Increasing trade deficit where India’s imports exceed the value of its exports—India is buying more goods and services than it is selling.  Many companies have shut down. In fact, 2,783 foreign companies shut down Indian operations since 2014 given in a report in the Parliament.

The war in Ukraine and Russia hitting the global economy has hurt India too.  The war has resulted in disrupting India’s edible oil market as the country imports more than 90% of its sunflower oil from Russia and Ukraine combined.  The rise in crude oil prices is causing inflation.

COVID in China with its lockdown has led to difficulty for a lot of companies in India dealing directly with China as China has the maximum forex in the whole world where its forex reserves are larger than India’s GDP. With China’s zero-COVID policy, the major cities of the country are under strict lockdown.

The rate hike by the RBI, to be done again next month, has also made things more harmful for the markets.

As the rupee falls, the crude oil import bill will rise, which, in turn, will lead to a rise in both petrol and diesel prices. the transportation cost and indirectly lead to an increase in the price of goods.
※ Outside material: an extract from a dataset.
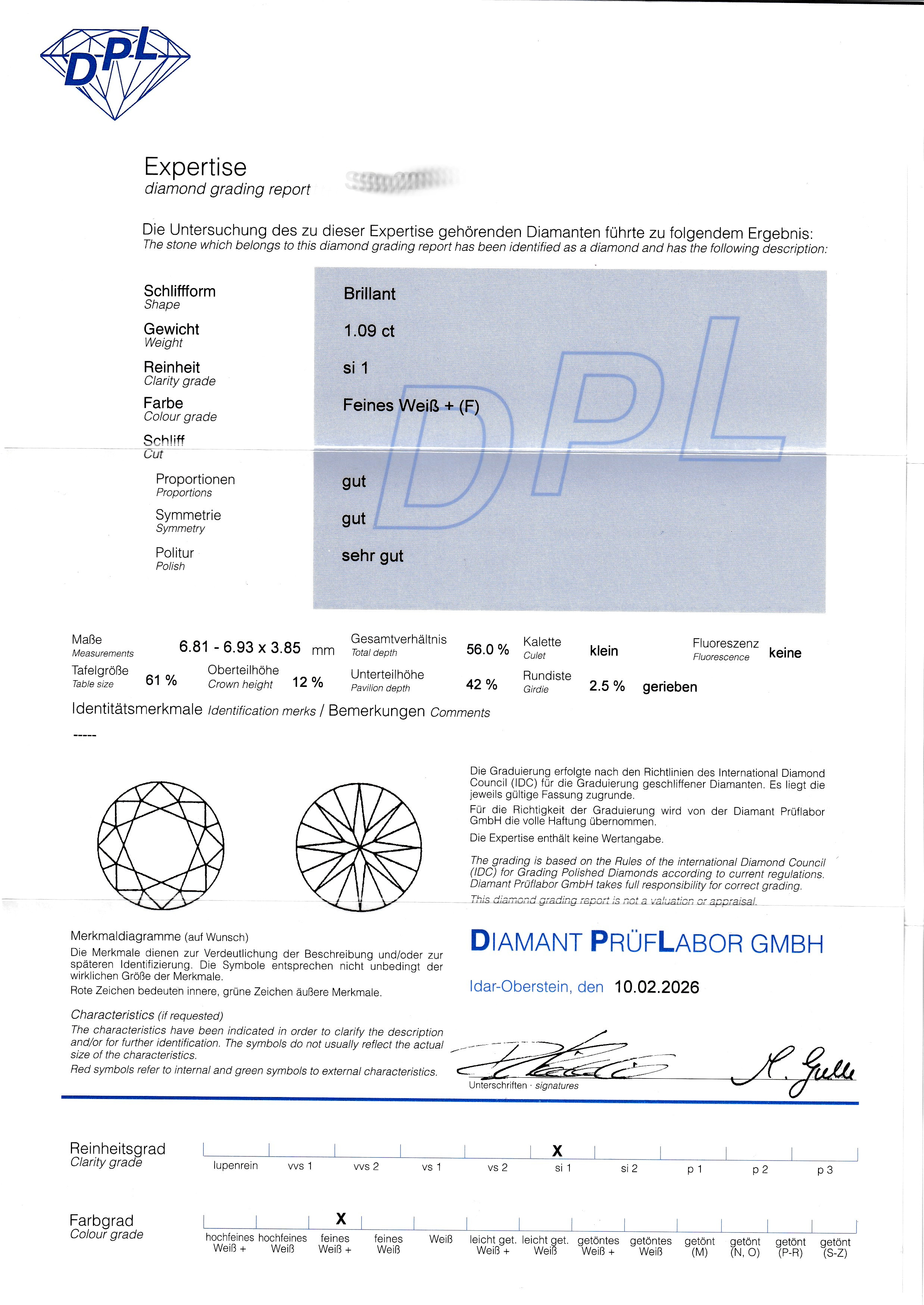 Öse mit Brillanten zus. ca. 0.05 ct Weiß/vs-si, ca. 1.2 g, DPL-Expertise für Mittelstein

Thus, inflation is likely to go up.  Already, the costs of all commodities are soaring.

Meantime, the RBI releases a report that the Indian economy may take 12 years to recoup pandemic losses and the report has estimated the output losses during the pandemic period at around Rs 52 lakh crore.  Randeep Surjewala had alleged that the Government of India is doing propaganda” about India being the fastest-growing economy.

One can only hope that India would never reach a stage like Sri Lanka. The open market systems of industrialization saved India over the past 70 years but with that slowing down, things are looking stormy dark in the coming days.